Control of ideal and resistive magnetohydrodynamic modes in reversed field pinches with a resistive wall

Numerical studies of magnetohydrodynamic (MHD) instabilities with feedback control in reversed field pinches (RFPs) are presented. Specifically, investigations are performed of the stability of $m = 1$ modes in RFPs with control based on sensing the normal and tangential magnetic field at the resistive wall. The control scheme is based on that of [Finn, Phys. Plasmas 13, 082504 (2006)], which is here modified to use a more realistic plasma model. The plasma model now uses full resistive MHD rather than reduced MHD, and it uses two realistic classes of equilibrium parallel current density profiles appropriate to RFPs. Results with these modifications are in qualitative agreement with [Finn, Phys.
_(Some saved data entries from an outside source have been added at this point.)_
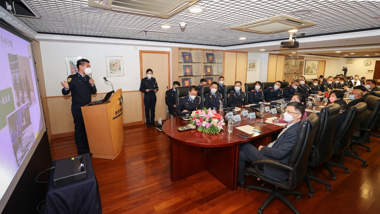接着,由治安警察局辖下策划行动厅、澳门警务厅、海岛警务厅、交通厅及出入境管制厅的警官代表,就各自范畴的工作情况进行了汇报。分别对治安警察局过去疫情防控的各项工作进行回顾、本澳各区去年治安状况及罪案数字、交通管理工作数据和新增交通措施及规划、出入境通关数据和新法规等进行整体介绍。另外,警官代表亦讲解各自范畴的冬防行动工作内容,包括警务行动及部署、新春期间节日活动的警力安排及防罪宣传等。
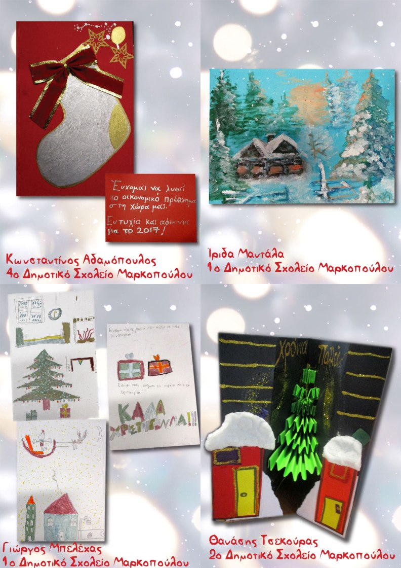 Θερμά συγχαρητήρια αξίζουν και στους έξι (6) δημιουργούς των καρτών, που θα μετατραπούν σε μεγάλες αφίσες και θα στολίζουν το Δημαρχείο Μαρκοπούλου, για όλη την περίοδο των εορτών:
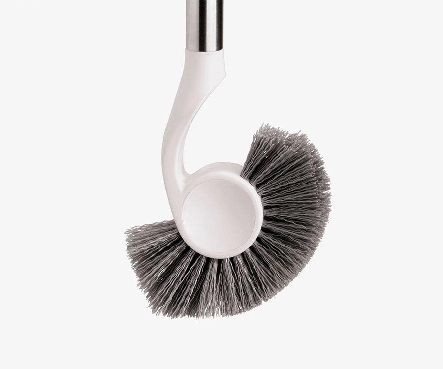 El diseño especial de la escobilla con forma de media luna permite llegar a zonas difíciles de limpiar alrededor de los bordes. Las rígidas cerdas exteriores son ideales para eliminar manchas difíciles.
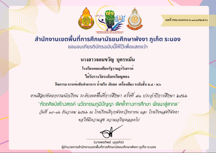 รางวัลระดับเหรียญทองชนะเลิศ กิจกรรมการแข่งขันการวาดภาพระบายสี ประเภทบกพร่องทางร่างกายฯ ระดับชั้น ม.๑ - ม.๓
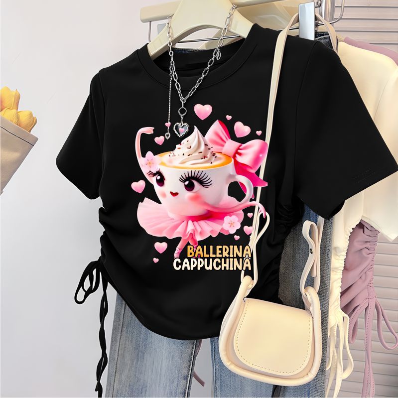Baju crop anak perempuan kaos anak ballerina cappuchina viral usia 1 2 3 4 5 6 7 8 9 10 11 12 tahun
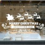 ウォールステッカー サンタクロース ソリとトナカイ シルエット風 装飾シール クリスマス 英語 白色 窓に 送料無料
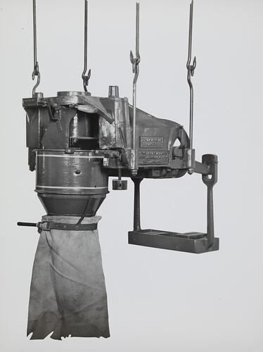 Black and white promotional image of a machine hanging from metal hooks. It is part of a collection of photographs and marked printer's copy used in the preparation of trade literature promoting products manufactured by the Schumacher Mill Furnishing Works Pty Ltd. The items were originally housed in a wooden filing drawer, with many filed by subject. This photograph was previously filed under 'Miscellaneos'.
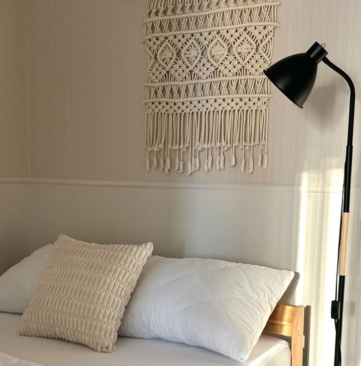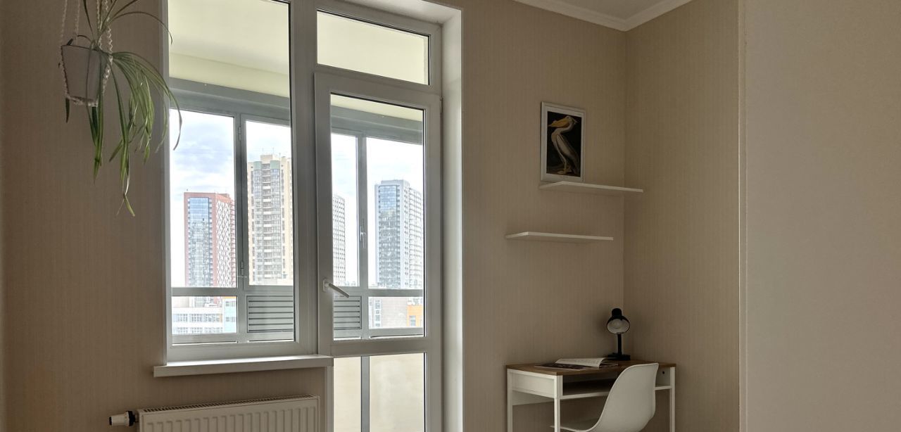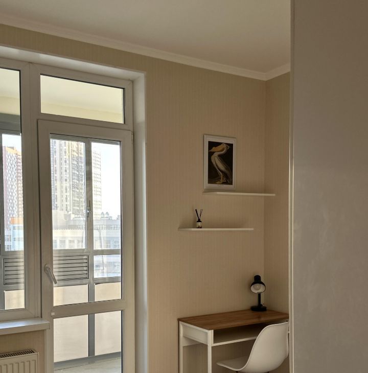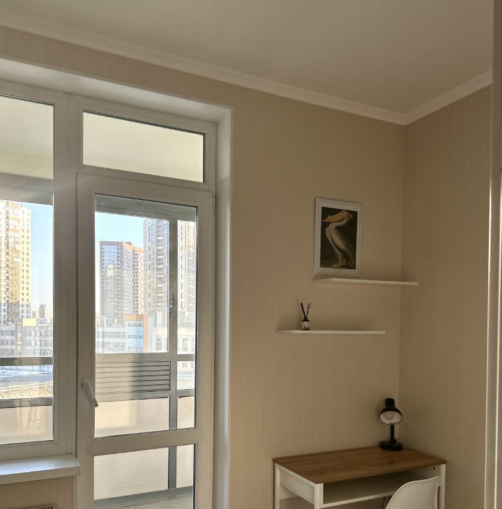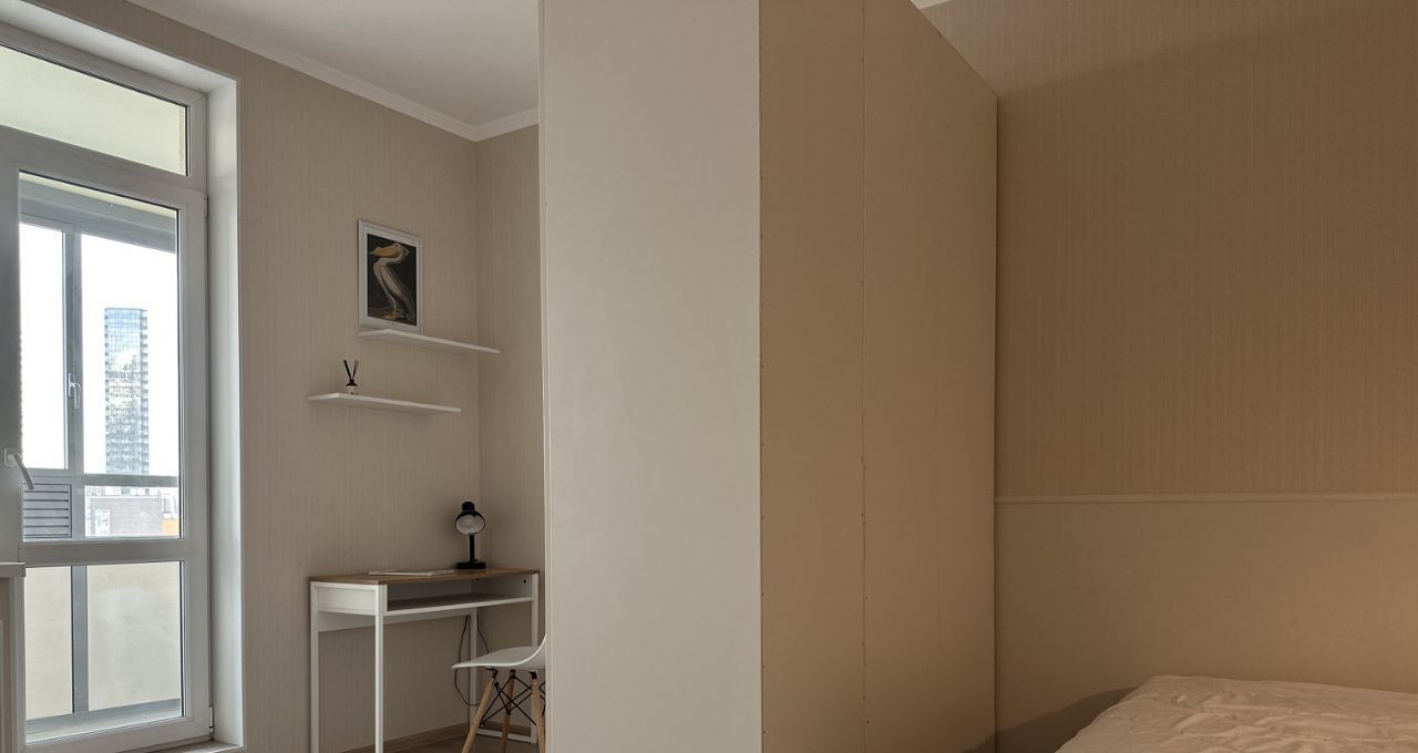 Комната разделена на две части. В спальной зоне кровать с удобным матрасом, новыми подушками и одеялом. В кабинете рабочий стол и стул. Между ними очень удобный вместительный шкаф. Есть широкая просторная лоджия.

Plasmas 13, 082504 (2006)]: the feedback can stabilize tearing modes (with resistive or ideal wall) and resistive-wall ideal modes. The limit for stabilization is again found to be near the threshold for ideal modes with an ideal wall. In addition to confirming these predictions, the nature of the instabilities limiting the range of feedback stabilization near the ideal-wall ideal-plasma threshold are studied, and the effects of viscosity, resistive wall time, and plasma resistivity are reported.